Aicardi Syndrome

In: GeneReviews® [Internet]. Seattle (WA): University of Washington, Seattle; 1993.
[updated ].


Clinical characteristics: Aicardi syndrome is a neurodevelopmental disorder that affects primarily females. Initially it was characterized by a typical triad of agenesis of the corpus callosum, central chorioretinal lacunae, and infantile spasms. As more affected individuals have been ascertained, it has become clear that not all affected girls have all three features of the classic triad and that other neurologic and systemic defects are common, including other brain malformations, optic nerve abnormalities, other seizure types, intellectual disability of varying severity, and scoliosis.

Diagnosis/testing: The diagnosis of Aicardi syndrome is based exclusively on clinical findings. Modified diagnostic criteria include either presence of the classic triad or the presence of two of the classic triad plus at least two other major or supporting features. A gene for Aicardi syndrome has not been identified, but several observations support a hypothesis that Aicardi syndrome is caused by de novo pathogenic variants in a gene on the X chromosome that is subject to X-chromosome inactivation.
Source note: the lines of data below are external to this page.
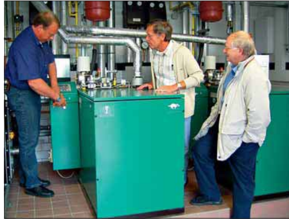
Durch die Sterling-Maschine im Blockheizkraftwerk ist die eigene Energieversorgung sicher gestellt.
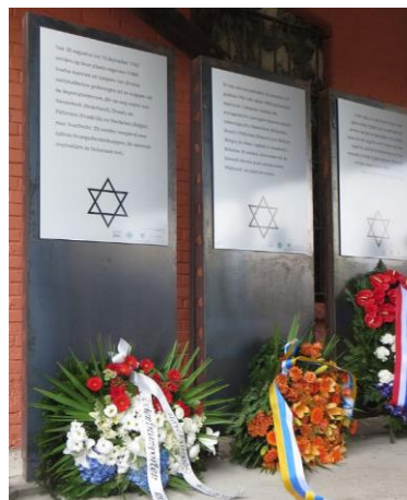
Het stationsgebouw van Cosel (Koźle) met het monument voor de vermoorden.

Uit 18 transporten uit Westerbork werden op deze manier ongeveer 3500 Joodse mannen geselecteerd. Slechts 180 van hen overleefden de oorlog. Uit het transport van 30 oktober 1942 van in totaal 659 personen werden ongeveer 200 mannen, waaronder Isaac Leman geselecteerd. Van velen is onduidelijk waar en wanneer ze precies zijn omgekomen. Dat geldt ook voor Isaac Leman. Van hem kan alleen gezegd worden dat hij uiterlijk op 31 maart 1944 in één van die arbeidskampen in de wijde omgeving moet zijn omgekomen. Daarom staat straks op zijn struikelsteen als sterfdatum: 31 maart 1944, Midden-Europa . Wat er met Telka, Betje en Leo Leman is gebeurd, is duidelijker. Met het transport van maandag 2 november 1942 vertrokken ze, drie dagen na hun man en vader, naar Auschwitz. Direct na aankomst zijn ze alle drie in de gaskamers van Auschwitz-Birkenau omgebracht. Op hun steentje staat straks te lezen dat ze op 5 november 1942 in Auschwitz zijn vermoord.
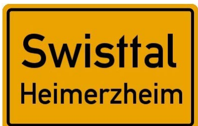
Nach Heimerzheim radeln - nur auf der Landstraße?

Offen für alle ist weiterhin der Schraubertreff "Bier und Bike" jeden 3. Donnerstag im Monat ab 20 Uhr.

Management: Treatment of manifestations: Treatment is individualized and long-term management by a pediatric neurologist with expertise in management of infantile spasms and medically refractory epilepsy is essential. Physical therapy, occupational therapy, and speech therapy should begin at the time of diagnosis. Appropriate musculoskeletal support and treatment for prevention of scoliosis-related complications is indicated.

Surveillance: Includes routine monitoring of growth, nutritional status and safety of oral intake, seizure control, developmental progress and educational needs, respiratory function and aspiration risk, and the spine and degree of scoliosis.

Genetic counseling: With the exception of affected monozygotic twin girls, all individuals with Aicardi syndrome reported to date have represented simplex cases (i.e., a single affected family member). Parent-to-child transmission of Aicardi syndrome has not been reported, and the recurrence risk to sibs is thought to be less than 1%. While prenatal ultrasound or intrauterine MRI findings of corpus callosum agenesis and neuronal migration abnormalities may be suggestive of Aicardi syndrome, no findings are diagnostic.